This method: 1. Calls get_finished() on each secondary tier 2. For completed stores (primary→secondary): calls primary.complete_read() to decrement ref_cnt 3. For completed loads (secondary→primary): calls primary.complete_write() to make blocks available

Source code in vllm/v1/kv_offload/tiering/manager.py

def _process_finished_jobs(self):
    """
    Unconditionally poll all secondary tiers for completed jobs.

    This method:
    1. Calls get_finished() on each secondary tier
    2. For completed stores (primary→secondary): calls primary.complete_read()
       to decrement ref_cnt
    3. For completed loads (secondary→primary): calls primary.complete_write()
       to make blocks available
    """
    for i, tier in enumerate(self.secondary_tiers):
        for completed_job in tier.get_finished():
            job_id = completed_job.job_id
            job_metadata = self._transfer_jobs.pop(job_id, None)
            assert job_metadata is not None, (
                f"Finished job_id {job_id} from tier #{i}"
                f" ({tier.tier_type}) not in _transfer_jobs"
            )

            if job_metadata.is_promotion:
                # secondary→primary transfer (promotion) completed.
                # Make blocks available in primary tier.
                self.primary_tier.complete_write(
                    job_metadata.keys,
                    job_metadata.req_context,
                    completed_job.success,
                )
            else:
                # primary→secondary transfer completed.
                # Decrement ref_cnt on primary blocks.
                self.primary_tier.complete_read(
                    job_metadata.keys, job_metadata.req_context
                )

complete_load ¶

complete_load(
    keys: Collection[OffloadKey], req_context: ReqContext
)

Mark blocks as done loading from primary tier to GPU.
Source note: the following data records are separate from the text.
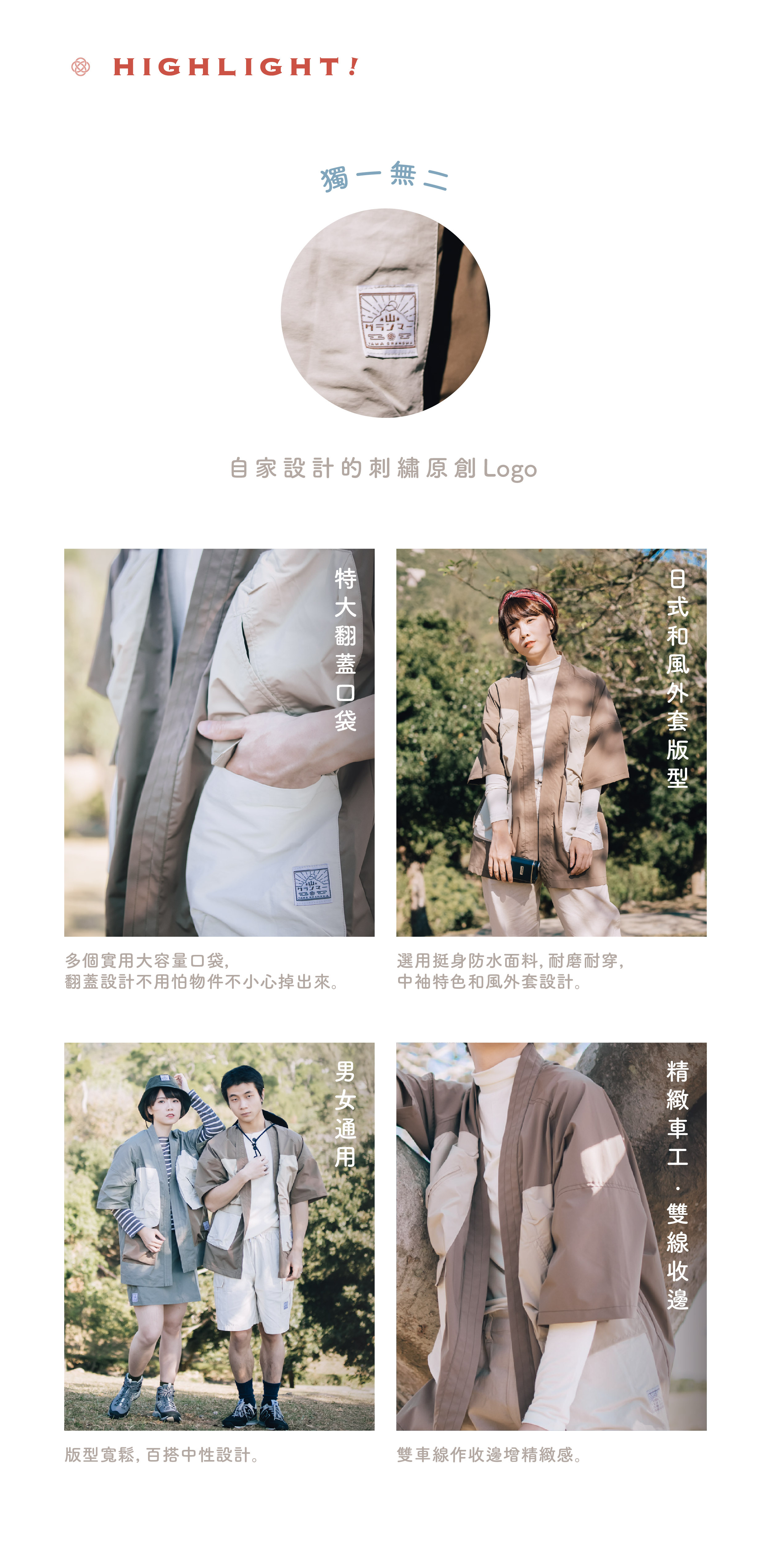 選用挺身輕防水面料,耐磨耐穿,中袖特色和風設計;保留着傳統日式結構,設有大容量口袋方便實用,不怕隨身物掉出,讓你無牽無掛,防水物料透氣快乾,為你遮風擋雨,無懼攀山涉水。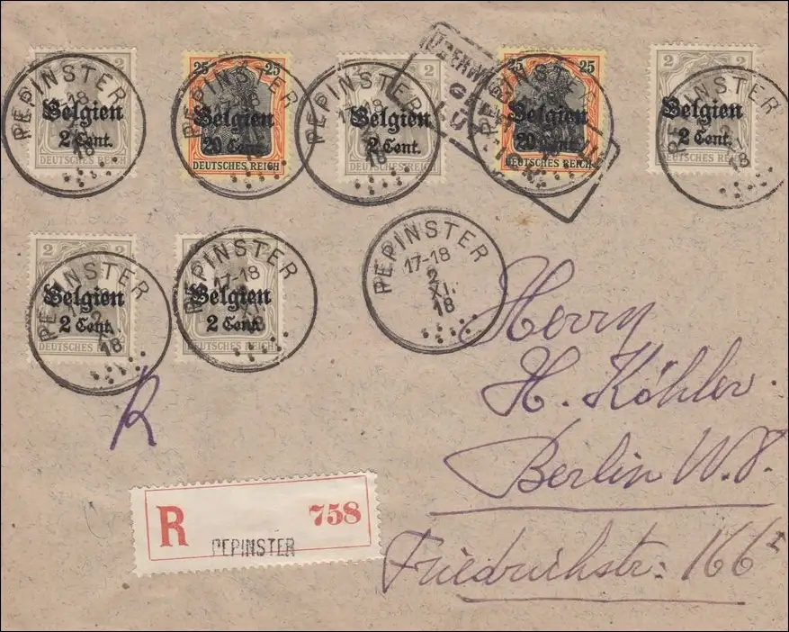 Belgique: Lettre de Pepinster à Berlin en 1918 comme lettre recommandée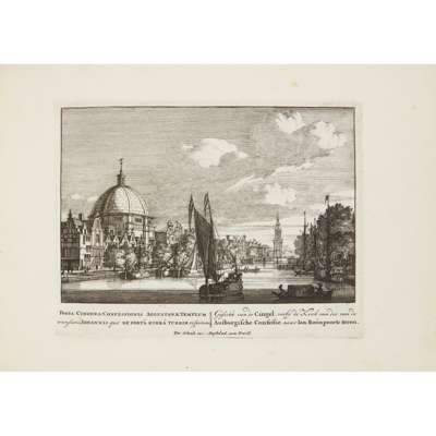 delectum, pictum, et aeri in cisum, per Johannem van Call. Amsterdam: Pieter Schenk, c.1700. Oblong 4to, 19th-century half calf, engraved throughout, with allegorical title-page, 64 plates (views of Amsterdam, The Hague, Het Loo palace, and the Rhineland), 4 calligraphic part-titles, dedication leaf, and mezzotint portrait of Frederick Duke of Saxony, lacking 7 plates (71 called for) and register leaf, part-titles, dedication leaf and portrait all bound out of order, title-page repaired verso, light foxing and a few other marks to margins, binding rubbed. Together with: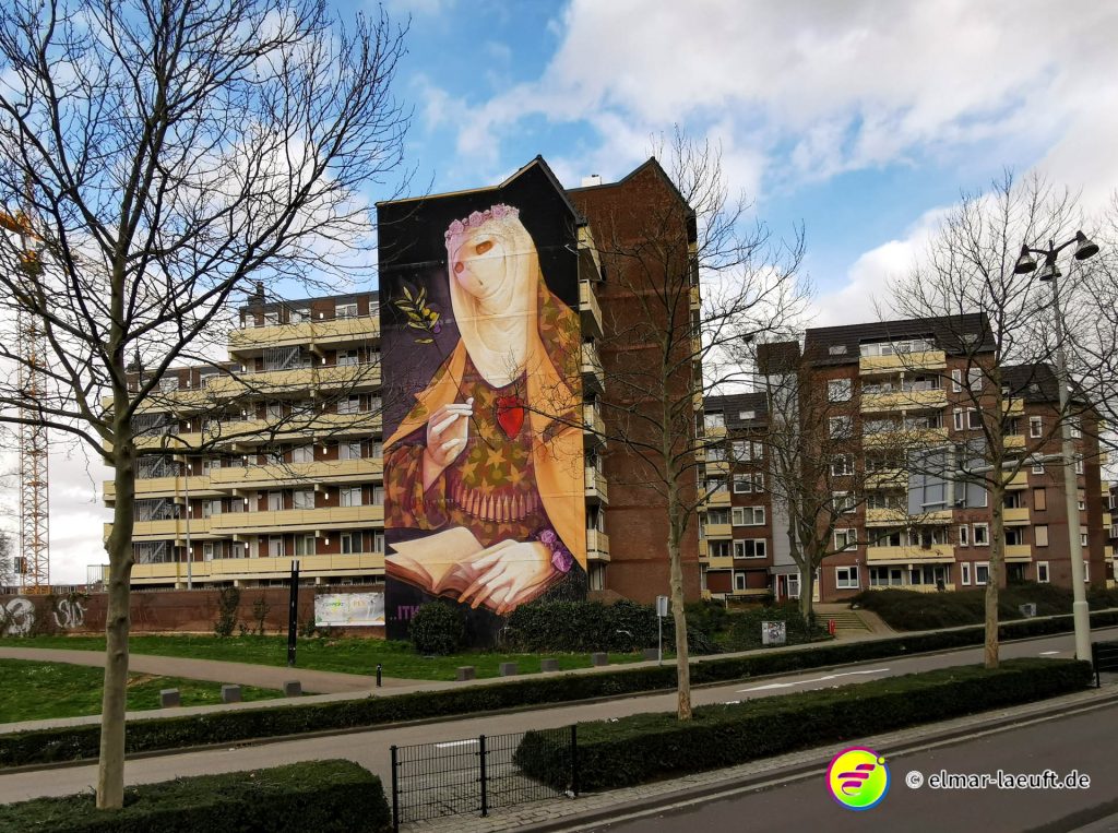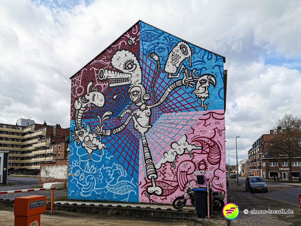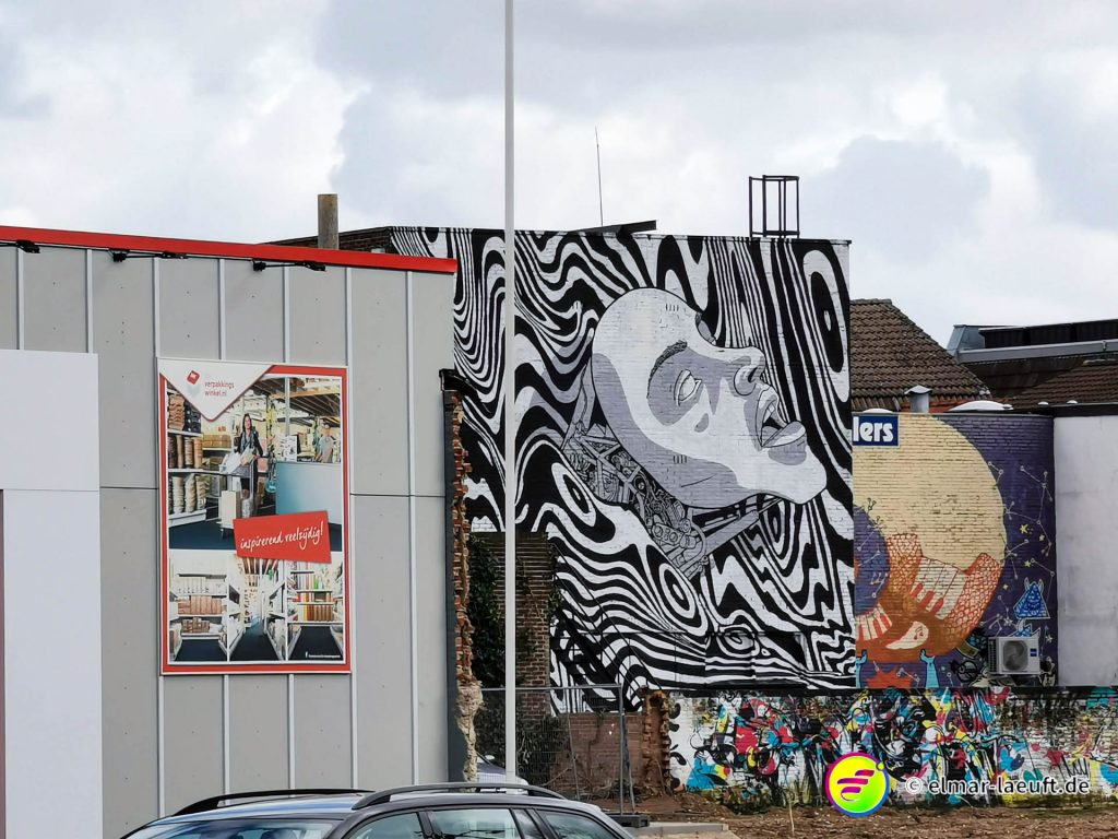 Über das Werk namens “Creed” bin ich aber bereits mehrfach gestolpert. Wie ich jetzt herausfinde, hat die Stadt Heerlen sogar eine Stiftung zur Förderung von Streetart. Warum nicht? Ich habe auch schon wirklich sehr unattraktive Städte und Wohnsiedlungen gesehen. Warum nicht den öffentlichen Raum selber zum Kunstwerk erklären.

This decrements ref_cnt on the blocks in the primary tier, allowing them to be evicted again.

Parameters:

Name	Type	Description	Default
`keys`	`Collection[OffloadKey]`	Blocks that finished loading.	required
`req_context`	`ReqContext`	Per-request context.	required

Source code in vllm/v1/kv_offload/tiering/manager.py

def complete_load(self, keys: Collection[OffloadKey], req_context: ReqContext):
    """
    Mark blocks as done loading from primary tier to GPU.

    This decrements ref_cnt on the blocks in the primary tier, allowing
    them to be evicted again.

    Args:
        keys: Blocks that finished loading.
        req_context: Per-request context.
    """
    self.primary_tier.complete_load(keys, req_context)

complete_store ¶

complete_store(
    keys: Collection[OffloadKey],
    req_context: ReqContext,
    success: bool = True,
)

Mark blocks as done storing from GPU to primary tier.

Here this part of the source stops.